Cubanichthys pengelleyi
- Conservation status: Endangered (IUCN 3.1)

Scientific classification
- Kingdom: Animalia
- Phylum: Chordata
- Class: Actinopterygii
- Division: Teleostei
- Order: Cyprinodontiformes
- Family: Cyprinodontidae
- Genus: Cubanichthys
- Species: C. pengelleyi
- Binomial name: Cubanichthys pengelleyi (Fowler, 1939)
- Synonyms: Chriopeoides pengelleyi Fowler, 1939

= Cubanichthys pengelleyi =

- Authority: (Fowler, 1939)
- Conservation status: EN
- Synonyms: Chriopeoides pengelleyi Fowler, 1939

Species of fish

Cubanichthys pengelleyi, the Jamaican killifish, is a species of freshwater ray-finned fish belonging to the family Cyprinodontidae, the pupfishes, and the subfamily Cubanichthyinae, the island pupfishes. This killifish is endemic to Jamaica and is an endangered species.

==Taxonomy==
Cubanichthys pengelleyi was first formally described in 1939 as Chriopeoides pengelleyi by the American zoologist Henry Weed Fowler with its type locality given as Jamaica. It is one of two species in the genus Cubanichthys , the other being Cubanichthys cubensis which is endemic to Cuba and the Isla de la Juventud. The genus Cubanichthys, along with Yssolebias, is classified in the island pupfish subfamily, Cubanichthyidae, of the pupfish family Cyprinodontidae.

==Etymology==
Cubanichthys pengelleyi belongs to the genus Cubanichthys which prefixes the Greek word for "fish", -ichthys with Cuba, a name coined by Carl Leavitt Hubbs because he thought it was a monospecific gen endemic to Cuba. The specific name honours the Jamaican physician, medical officer and aquarist, who obtained the type.

==Description==
Cubanichthys pengelleyi reaches a total length of 6 cm.

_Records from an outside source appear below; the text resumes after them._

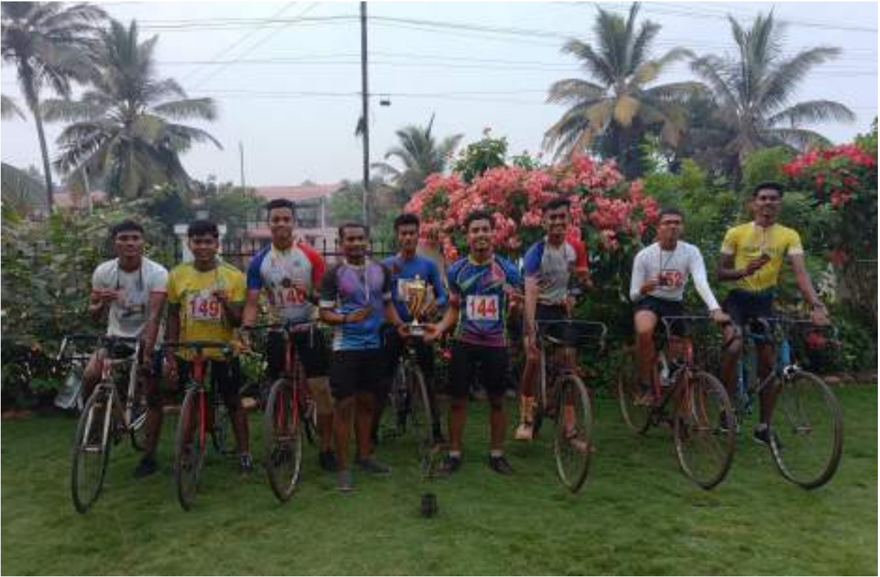
3rd Place for Cycling organized by Goa University and 1 st place in cycling organized by Guirdolim club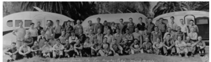
Airstream Employees and Trailers - March 19, 1936 (Silver Cloud on left, Clipper in center, unknown model on right)

It should be noted that Airstream only made a limited number of pre-WWII aluminum Airstream Clippers, each custom designed to the purchasers' requirements with a high price to match. Production of more standardized and much less expensive Masonite Airstream trailer models, including the Torpedo Junior, Airlite, and Silver Cloud, continued and represented the largest volume of Airstreams produced before WWII.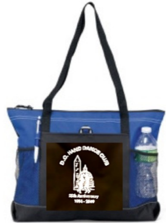
25th Anniversary TOTE BAG Only $10 each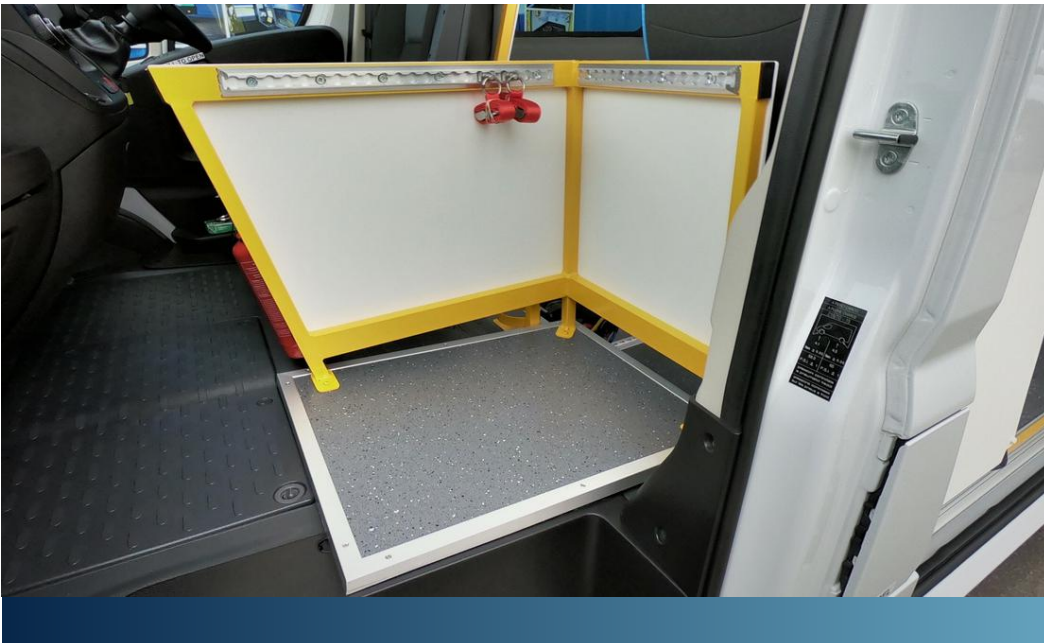
FRONT LUGGAGE PENS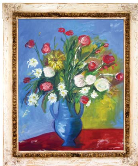
«Flowers in blue vase» Dubai 2013 - Oil on canvas (120x100cm)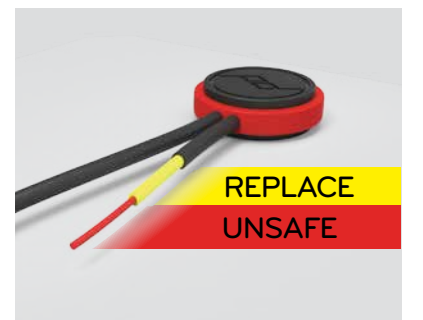
For more information peakdesignItd.com/tips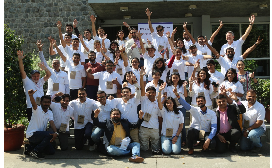
6. India School on Internet Governance (InSIG) with ISOC Delhi, Kolkata and Trivandrum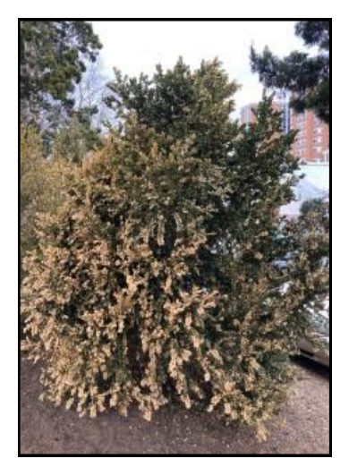
Figure 2: Severe leaf burn on windward side of boxwood

drying. On broadleaf evergreens (boxwood, cherrylaurel, holly, magnolia, rhododendron, etc.) symptoms typically include marginal leaf scorch, irregular spotting, complete browning of the leaves, and occasionally extensive leaf drop. Conifer (arborvitae, Leyland cypress, Cryptomeria, juniper, etc.) symptoms include pale, bronze or brown needles or needle tips, particularly on the exterior foliage and branch tips. Symptoms are often more noticeable on the wind-exposed side of affected plants.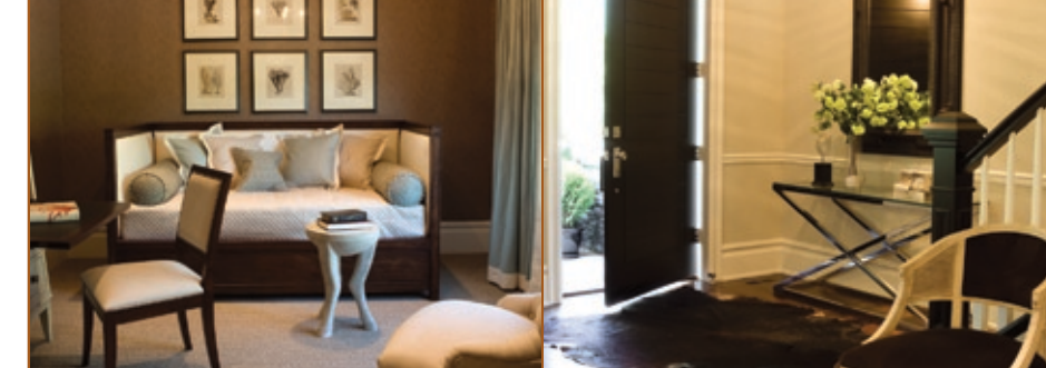
Altadore $1,450,000 1909, 48 Avenue SW

The true definition of inner-city luxury in this exceptional home built by Mission Homes. 1759 + 658 s.f. with rich hardwood floors, detailed cream millwork, built-in sound system & so much more. Master boasts coffered ceiling, walk-in closet & incredible steam-shower ensuite with wine fridge. Basement has heated floors and is developed to include media room (with built-ins), wet bar & 3rd bedroom with ensuite. Amazing patio with wood-burning outdoor fireplace.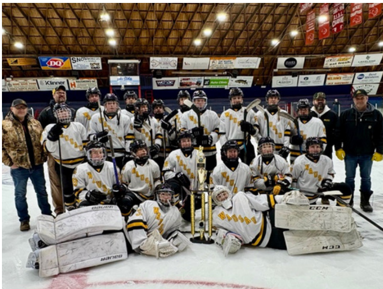
Bantam A took 1st place at the Eagle River tournament!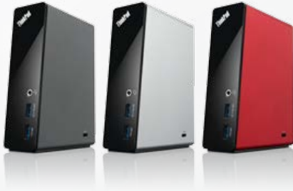
ThinkPad® OneLink Dock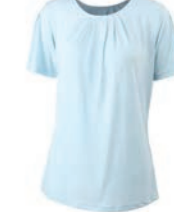
ENT400I-1284 Women's Cut Scoop-Neck Blouse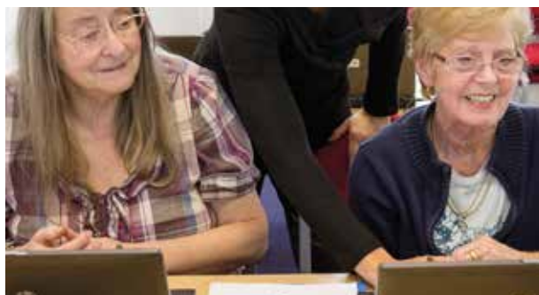
Libraries are playing a major role in equipping all ages with the digital skills they need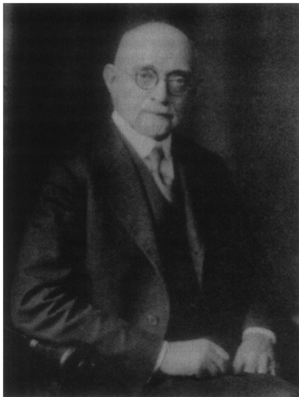
Joseph A. Hill, the chief statistician of the Census Bureau, was chairman of the committee that devised immigration quotas according to the national origins of the American people, as mandated by the Immigration Act of 1924.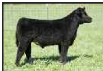
Monopoly x Lot 70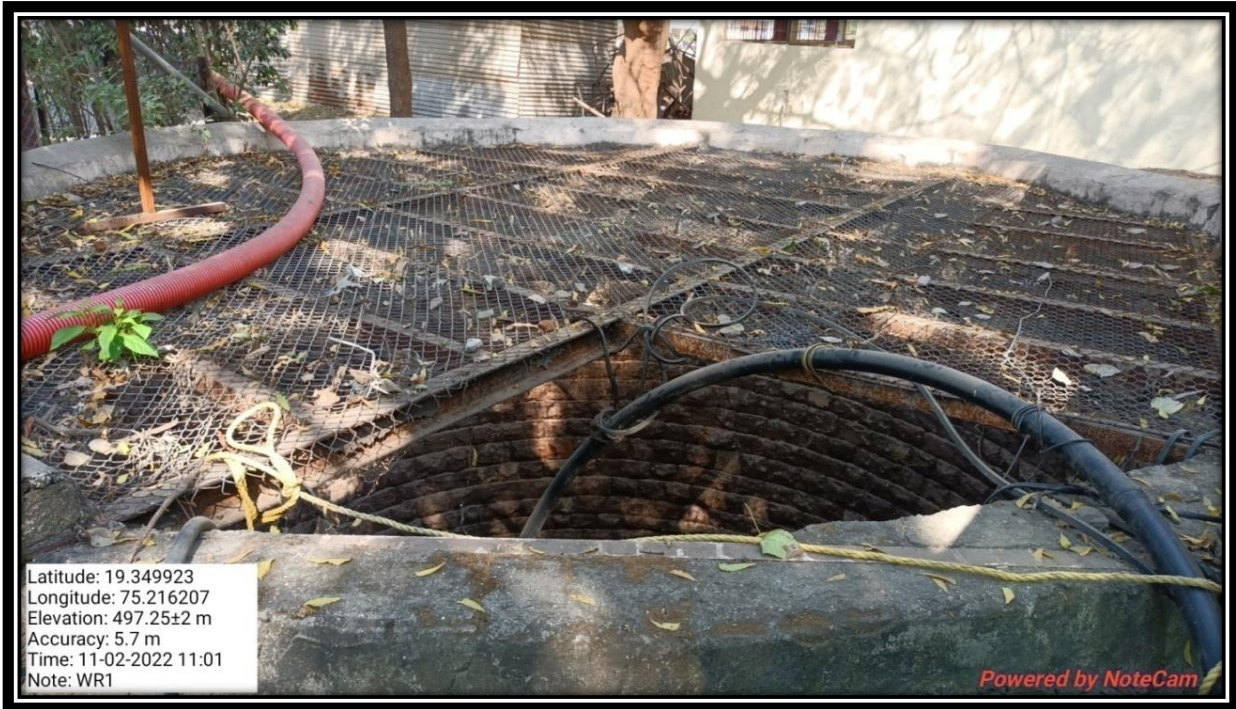
Open Well in the Campus (Maintenance of Water Bodies)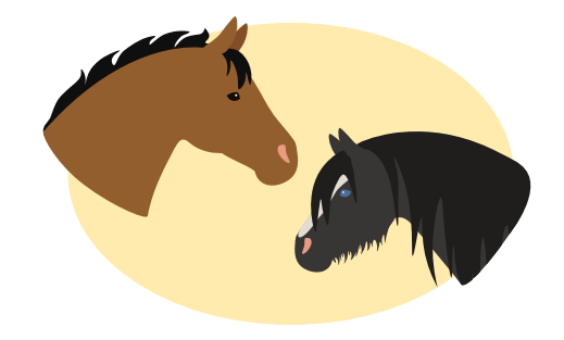
Group any horses who've been in close contact with the sick horse to try to contain the spread of disease.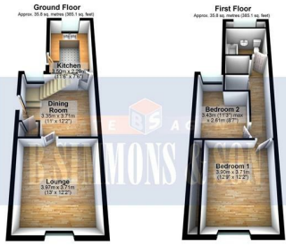
Total area: approx. 71.6 sq. metres (770.2 sq. feet)

Whilst every attempt has been made to ensure the accuracy of the floor plan contained here, measurements of doors, windows and rooms are approximate and no responsibility is taken for any error, omission or misstatement. These plans are for representation purposes only and should be used as such by any prospective purchaser. Specifically no guarantee is given on the total square footage of the property if quoted on this plan. Any figure given is for initial guidance only and should not be relied on as a basis of a valuation or for any legal purpose. Plan produced using PlanUp.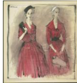
Red Jersey Dresses (KA0038_000036)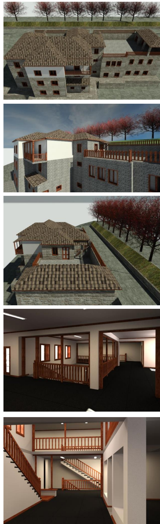
Figure 7: Snapshots from the BIM model

Recent experimentation in the field (Bruno and Roncella, 2018) indicates that even though there is lot to overcome in terms of costs, training and processing times, the utilization of “ HBIM in the cultural heritage field is a good solution and a potential for more coordinated and efficient management and preservation ”.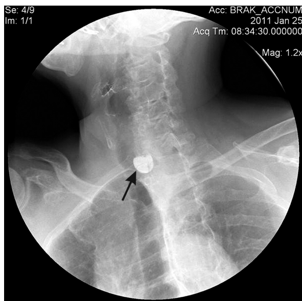
Figure 2. Oesophageal barium study demonstrating a 2-cm Zenker's diverticulum (arrow) at the level of Th1, filled with contrast medium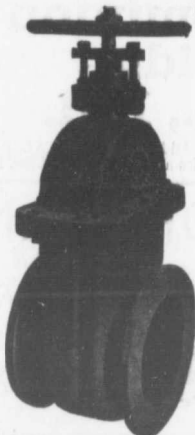
Flanged End Gate Valve with Hand-Wheel.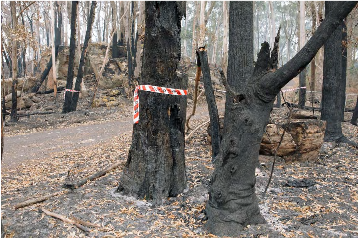
Tom Greenwood (this page and following two pages)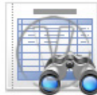
Purchase Order Find.png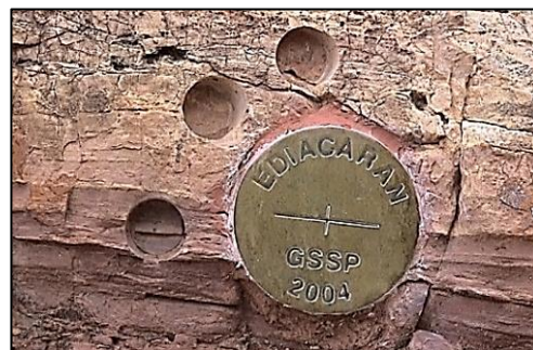
An enlarged photo of the Ediacaran ‘Golden spike’.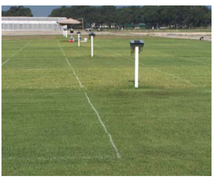
FDEP Environmental Plots—Towers represent collection points for buried lysimeters

Milorganite, GreenEdge), lend themselves to easy application on urban lawns, and are favored products for golf course greens. See Biosolids Page 4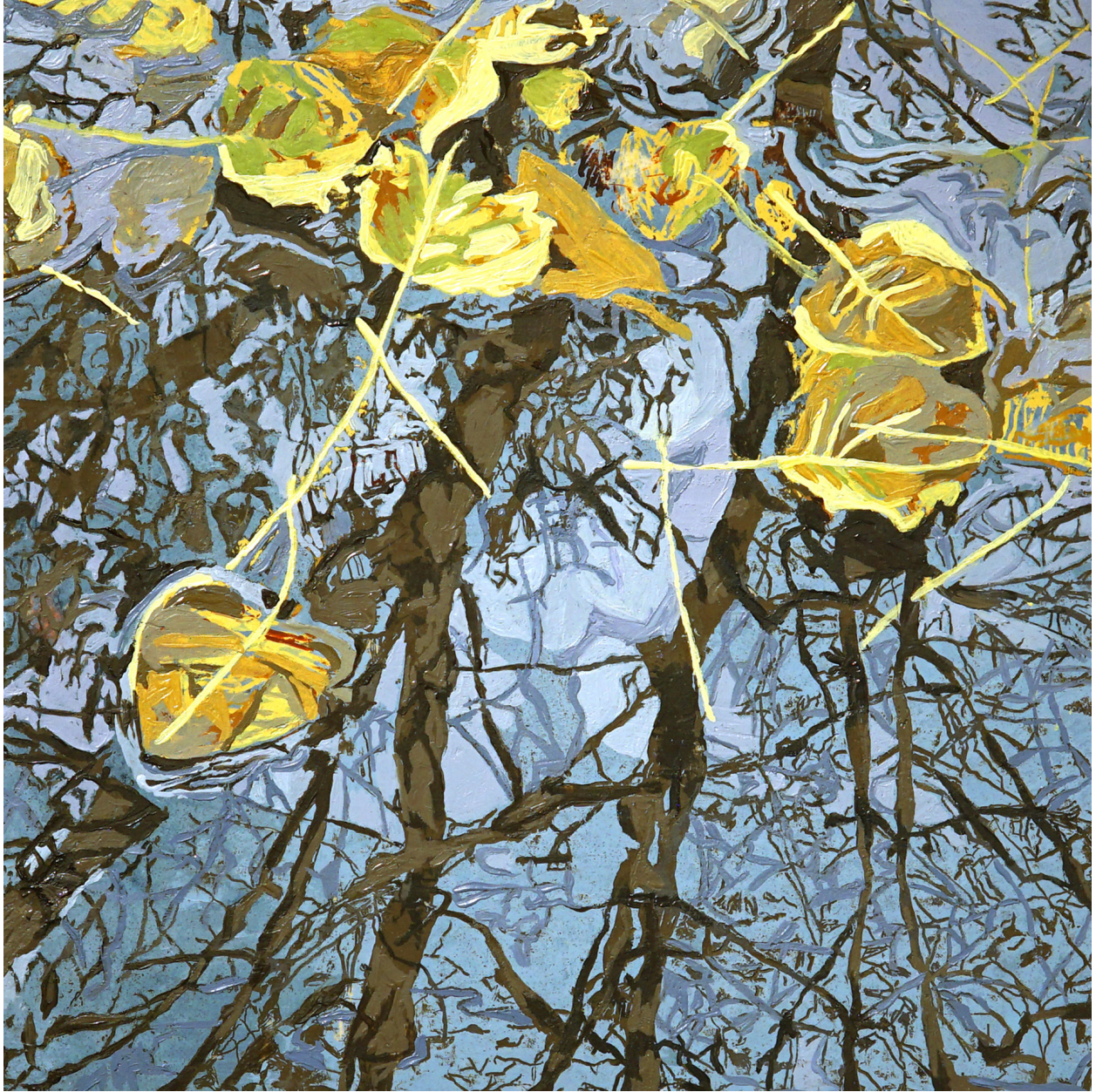
Prairie Pines Puddle , 2024 Oil on panel 12" x 12"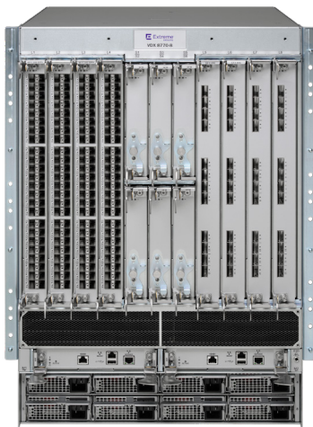
Figure 2: The VDX 8770-8 Switch supports up to 384 10 GbE ports, 216 40 GbE ports, and 48 100 GbE ports.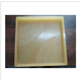
Chequered Tile Mould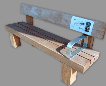
Audio Bench - Heavy Duty

==Distribution and habitat==
Cubanichthys pengelleyi is endemic to Jamaica. It is known fronm six locations, all in the Black River basin in Saint Elizabeth Parish in the southwest of the island. This species is found in clear, shallow, alkaline water with a bed made up of sand, with some sily.

==Biology==
Cubanichthys pengelleyi hides within submerged and floating aquatic vegetation. It is a predatory, demersal fish which preys on damselfly and dragonfly nymphs, as well as other aquatic larvae, ostracods, copepods and gastropods.It lays eggs which have a diameter of 1.2 to 1.4 mm, hatching in around 9 days. It is not an annual species and can breed more than once.

==Conservation status==
Cubanichthys pengelleyi is known from a small area where it is threatened by pollution, invasive non-native species, development and mining. The International Union for Conservation of Nature classify this species as Endangered.